On the morning of March 8, a post to Hacker News stated that “All .fj domains have gone offline”, listing several hostnames in domains within the Fiji top level domain (known as a ccTLD) that had become unreachable. Commenters in the associated discussion thread had mixed results in being able to reach .fj hostnames—some were successful, while others saw failures. The fijivillage news site also highlighted the problem, noting that the issue also impacted Vodafone’s M-PAiSA app/service, preventing users from completing financial transactions.

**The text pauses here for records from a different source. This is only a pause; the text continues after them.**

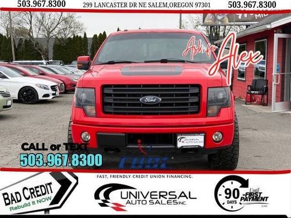 Welcome to Universal auto sales Next to Dicks Sporting Goods. Ask for Alex 5 ⃣0 ⃣3 ⃣-9 ⃣6 ⃣7 ⃣-8 ⃣3 ⃣0 ⃣0 ⃣ FINANCING AVAILABLE FOR ALL CREDIT SITUATIONS -WE PAY TOP DOLLAR TRADE INS! -WE ARE A CUDL DEALERSHIP AND HAVE FINANCING OPTIONS FOR ALL CREDIT TYPES! (CREDIT UNION DIRECT LENDING) -LOW FINANCING RATES! (OAC) -SERVICE CONTRACTS AVAILABLE! -CARFAX REPORTS AVAILABLE FOR EVERY VEHICLE! Hablamos Español: ITIN Aceptado Ask For Alex UNIVERSAL AUTO SALES INC 299 Lancaster Dr Ne Salem Oregon 97301 503.967.8300 DA2913 Introducing the 2014 Ford F-150 FX4 - the ultimate truck for all your hauling and towing needs. This rugged and reliable pickup truck is built to handle any job with ease. With its powerful V8 engine, the F-150 FX4 delivers impressive performance and can tow up to 11,300 pounds.
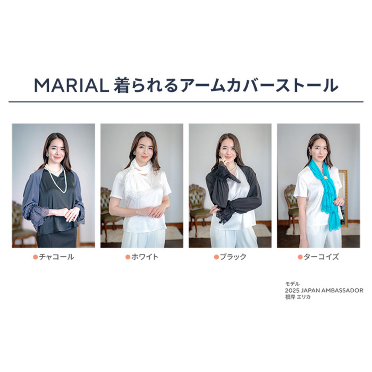 通常、両腕に別々に装着するアームカーバーがウェアラブルに。ストールとしても使える2WAY仕様で、腕を紫外線からプロテクトするだけでなく、首元もUVカット。乗り物内やレストラン、劇場や百貨店などで羽織モノとして着たり、首に巻いたり、様々なシーンで重宝します
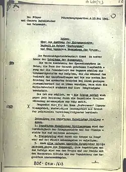- ↑ Указ Верховного главнокомандующего вермахта о военной подсудности в районе «Барбаросса» и об особых полномочиях войск | Преступления нацистов и их пособников против мирного населения СССР в годы Великой Отечественной войны 1941–1945 гг. victims.rusarchives.ru. Дата обращения: 4 июня 2021. Архивировано 4 июня 2021 года.
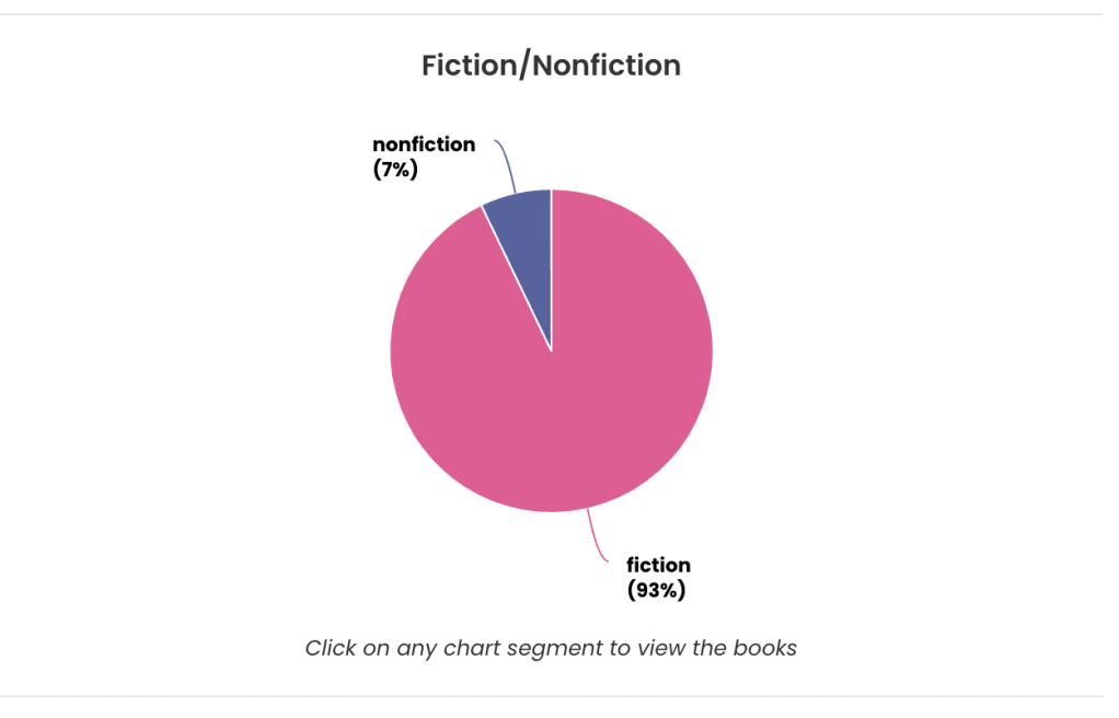The app also records ‘Pace’ and ‘Page Number’ so you can again see what you gravitate towards. The Fiction/Non-Fiction section is cool too, and I definitely would like to read more non-fiction in the coming year.

The impact of this issue can be seen in traffic to Cloudflare customer zones in the .com.fj second-level domain. The graph below shows that HTTP traffic to these zones dropped by approximately 40% almost immediately starting around midnight UTC on March 8. Traffic volumes continued to decline throughout the rest of the morning.
Looking at Cloudflare’s 22.214.171.124 resolver data for queries for .com.fj hostnames, we can also see that error volume associated with those queries climbs significantly starting just after midnight as well. This means that our resolvers encountered issues with the answers from .fj servers.
This observation suggests that the problem was strictly DNS related, rather than connectivity related—Cloudflare Radar does not show any indication of an Internet disruption in Fiji coincident with the start of this problem.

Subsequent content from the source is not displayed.